Agile and the Theory of Constraints – Part 1

April 25, 2016 at 4:52 am

I’ve been spending some time over the past few months exploring the lean side of the house and looking for things I can adapt into the agile side of the house. The most interesting thing I found was the theory of constraints.

After spending some time writing this, I realized that I need to split this into two separate posts; one where I talk about the theory of constraints in general, and the second where I talk about how I think it applies to software.

For this section, I’m going to talk about manufacturing, partly because that’s where the theory was originally applied, and partly because it’s more approachable. Trust me that what I write here will apply to software development.

The classic work on this is “The Goal” by Goldratt, which I highly recommend.

Let’s make it better

From: Plant Manager
To: Component assembly;welding;painting;packaging
Subject: Improvement

It’s time to kick off our 2016 improvement process; I would like each of you to get together with your teams and figure out what your improvement targets are going to be for next year. 

Signed,

Plant Manager

If a business does improvement – and many do not – this is a pretty typical approach.
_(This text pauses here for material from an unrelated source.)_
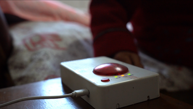 一键报警器静卧床头——白色小方盒,红色大按键,结构简洁明了。“他们安报警器的时候就跟我说,按一下就有人来。”邱正生轻轻按下按键,不到两秒,报警器里就传来社区组长邓玿艳急促的声音:“老人家,有啥子事情吗?”记者马上表明身份,说明来意,邓玿艳的语气缓和下来。“我是他邻居,也是紧急联系人。”邓玿艳说,只要接到老人的呼叫,她会先问清情况,要是情况紧急,就一边打120,一边往他家跑。要是日常需求,比如缺米少菜,也会帮着采购顺路送来。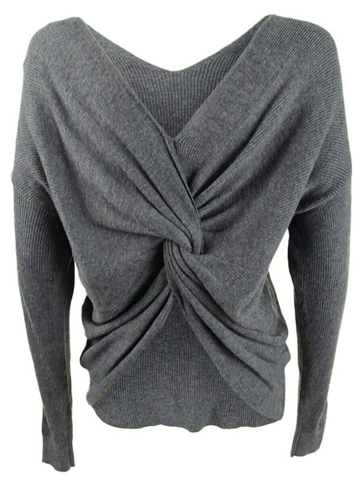 Approx. model height is 5'10" and she is wearing a size small|Relaxed fit; hits at thigh|Twist back detail; asymmetrical hem, can wear twist detail in front or back|Long sleeve|Acrylic/nylon/wool|Machine washable

And, if the word, “poorly” pops into your head, you have already figured out how well this sort of approach works. If you think we are better in the software business, you are mistaken. In general, we are quite a bit worse.

Why do these programs fail? It’s very simple…

To make a process faster, you must first determine why it is slow.

I’m hoping somebody is saying, “I know why my process is slow”. And you may be right, but I am also very convinced that you are also quite wrong. And that gives me a chance to introduce my first thought:

Thought 1: To improve a system, you must first understand the whole system. 

If you do performance optimization of programs, you may know the first law of optimization, which is, “The part of the program that is making things slow is never the part that you think it is”. If you go around optimizing the parts of the program that you think are slow, it doesn’t really get much faster.

Hmm. Isn’t that exactly what is happening with groups trying to get faster?

To make a program run faster, you use a tool to analyze the behavior of the whole system – a profiler. And, to make a manufacturing plant run faster,you need a similar tool.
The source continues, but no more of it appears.